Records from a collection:

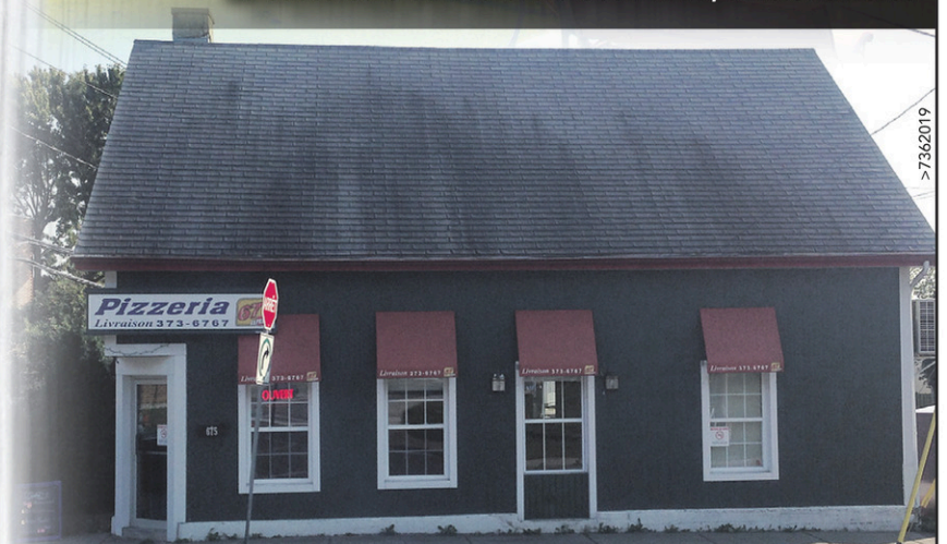
La succursale Express de Pizzeria 67, au centre-ville de Trois-Rivières.
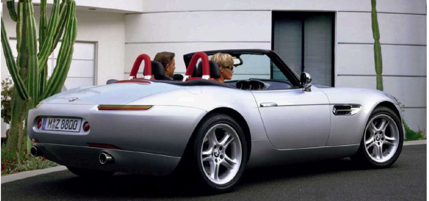
BMW Z8 Roadster E52 395 HP's
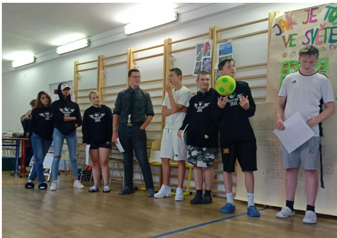
Mamuti na Točniku
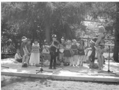
Grupa „ Mądre Sowy” zaprezentowała zdolności aktorskie na Dożynkach Parafialnych w przedstawieniu „ Sen Jasia”
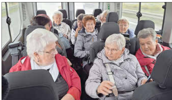
Schon im Bus kamen die Teilnehmenden aus Krakow am See schnell miteinander ins Gespräch
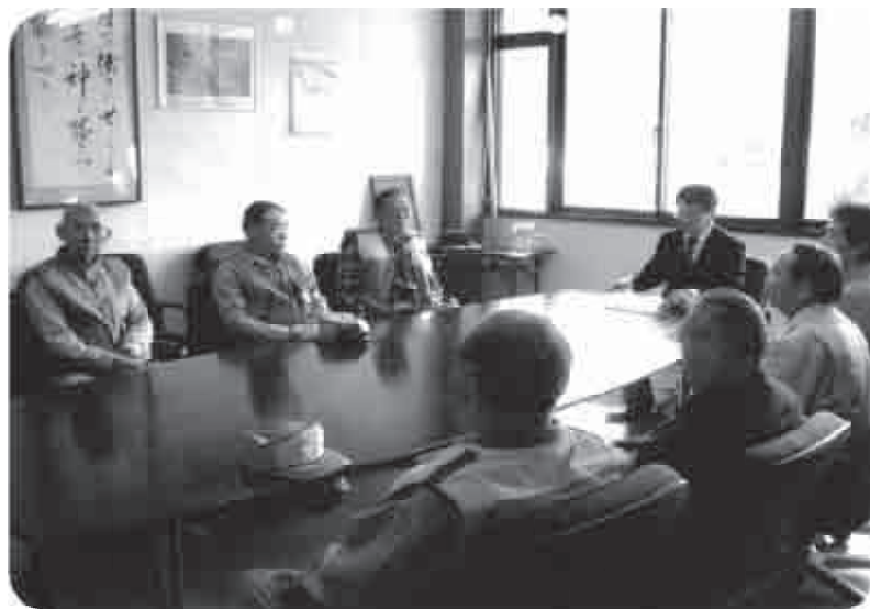
鳥獣害被害見回り駆除隊
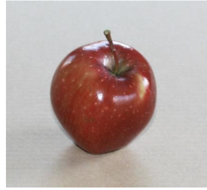
Fig. 1 Het origineel, een appel uit eigen tuin.

Neem een kleine hoeveelheid plasticine klei en draai hiervan een bolletje. Druk dit plat zodat er een soort van mini pannenkoek ontstaat. Leg deze “mini pannenkoek” in het midden van een mengbeker ( Fig. 2 ). Druk nu de appel stevig op deze plasticine zodat er later geen siliconen onder kunnen lopen en het model goed vast zit op de bodem ( Fig. 3 ). Leg de ondergrond waterpas.
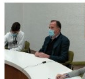
Carlos Iturgalz Presidente del PP vasco
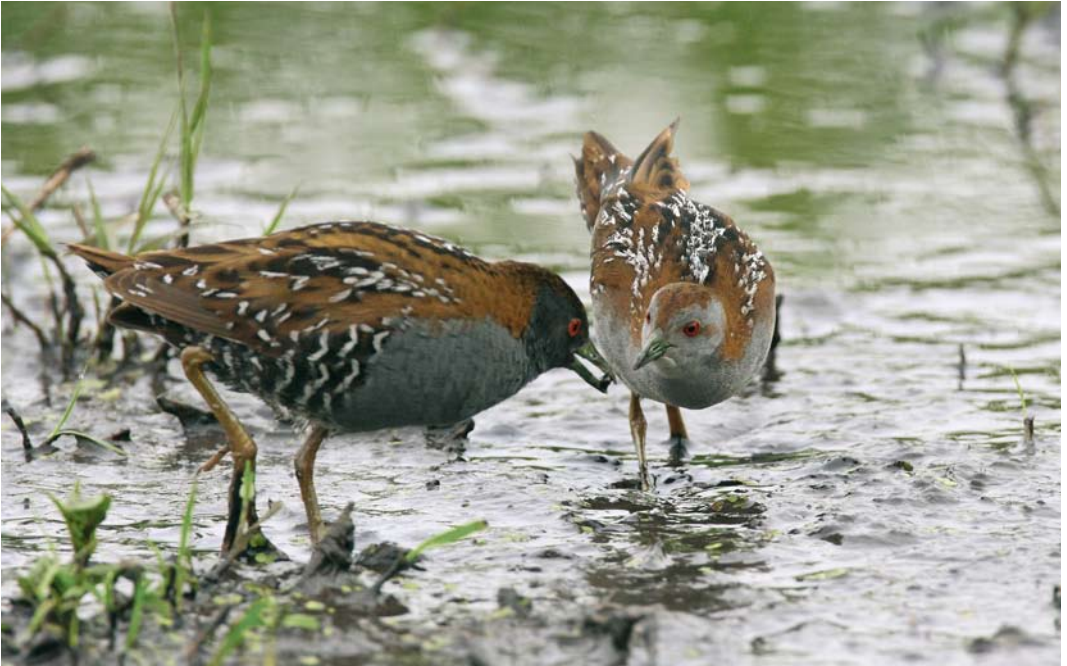
147 Kleinst Waterhoen / Baillon's Crake Porzana pusilla , mannetje en vrouwtje, Groene Jonker, Zevenhoven, Zuid-Holland, 15 juni 2009
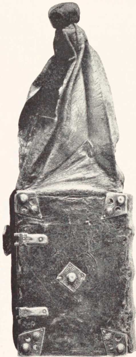
Fig. 1. Posebog paa Det kgl. Bibliotek i København. (Gl. kgl. Saml. Nr. 3423. 8°).
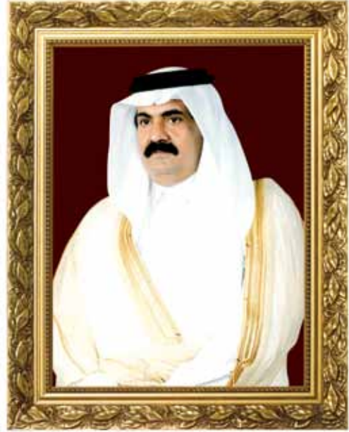
حضرة صاحب السمو الشيخ حمد بن خليفة آل ثاني أمير دولة قطر
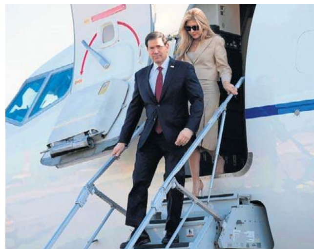
Marco Rubio wraz z małżonką przybyli wczoraj do Rzymu. W czwartek Rubio spotkał się z papieżem

Gdy Leon XIV zaapelował w kwietniu o pokój w Iranie i wezwał chrześcijan do skończenia z wojną oraz z „demonstrowaniem władzy”, prezydent Trump opublikował na platformie Truth Social
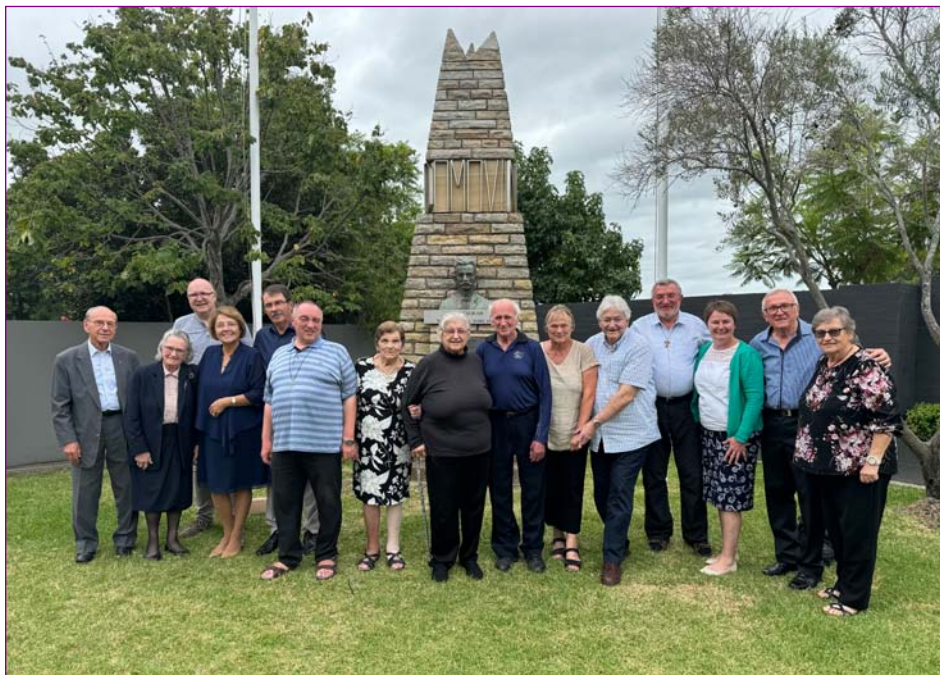
Srečanje na Klubu Triglav Mounties.
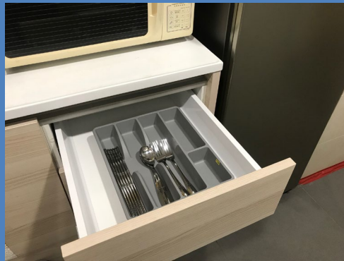
辦公室茶水間提供可重用的餐具予員工使用
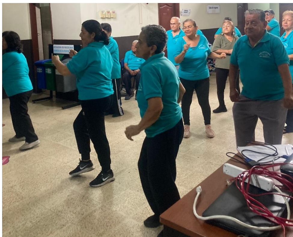
Ilustración 13: Segunda sesión de bailoterapia con los adultos mayores.
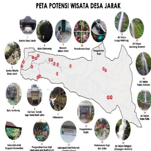
Gambar 2. Pemetaan Geografis Potensi Wisata Desa Jarak

Selain sebagai pekebun, sebagian besar warga Desa Jarak juga bermata pencaharian sebagai peternak. Mayoritas warga Dusun Anjasmoro beternak sapi sedangkan warga Dusun Jarak Tegal beternak kambing PE (Peranakan Etawa). Kualitas susu hasil ternak sapi dari Dusun Anjasmoro tidak perlu diragukan karena telah dipercaya sebagai pemasok utama pabrik susu Nestle, 5.000lt/2 hari.

Work instructions: Set down all of the entries exactly. Leave the pictures out.

Response to the task:
La succursale Express de Pizzeria 67, au centre-ville de Trois-Rivières.
BMW Z8 Roadster E52 395 HP's
Mamuti na Točniku
Grupa „ Mądre Sowy” zaprezentowała zdolności aktorskie na Dożynkach Parafialnych w przedstawieniu „ Sen Jasia”
Schon im Bus kamen die Teilnehmenden aus Krakow am See schnell miteinander ins Gespräch
鳥獣害被害見回り駆除隊
Fig. 1 Het origineel, een appel uit eigen tuin.

Neem een kleine hoeveelheid plasticine klei en draai hiervan een bolletje. Druk dit plat zodat er een soort van mini pannenkoek ontstaat. Leg deze “mini pannenkoek” in het midden van een mengbeker ( Fig. 2 ). Druk nu de appel stevig op deze plasticine zodat er later geen siliconen onder kunnen lopen en het model goed vast zit op de bodem ( Fig. 3 ). Leg de ondergrond waterpas.
Carlos Iturgalz Presidente del PP vasco
147 Kleinst Waterhoen / Baillon's Crake Porzana pusilla , mannetje en vrouwtje, Groene Jonker, Zevenhoven, Zuid-Holland, 15 juni 2009
Fig. 1. Posebog paa Det kgl. Bibliotek i København. (Gl. kgl. Saml. Nr. 3423. 8°).
حضرة صاحب السمو الشيخ حمد بن خليفة آل ثاني أمير دولة قطر
Marco Rubio wraz z małżonką przybyli wczoraj do Rzymu. W czwartek Rubio spotkał się z papieżem

Gdy Leon XIV zaapelował w kwietniu o pokój w Iranie i wezwał chrześcijan do skończenia z wojną oraz z „demonstrowaniem władzy”, prezydent Trump opublikował na platformie Truth Social
Srečanje na Klubu Triglav Mounties.
辦公室茶水間提供可重用的餐具予員工使用
Ilustración 13: Segunda sesión de bailoterapia con los adultos mayores.
Gambar 2. Pemetaan Geografis Potensi Wisata Desa Jarak

Selain sebagai pekebun, sebagian besar warga Desa Jarak juga bermata pencaharian sebagai peternak. Mayoritas warga Dusun Anjasmoro beternak sapi sedangkan warga Dusun Jarak Tegal beternak kambing PE (Peranakan Etawa). Kualitas susu hasil ternak sapi dari Dusun Anjasmoro tidak perlu diragukan karena telah dipercaya sebagai pemasok utama pabrik susu Nestle, 5.000lt/2 hari.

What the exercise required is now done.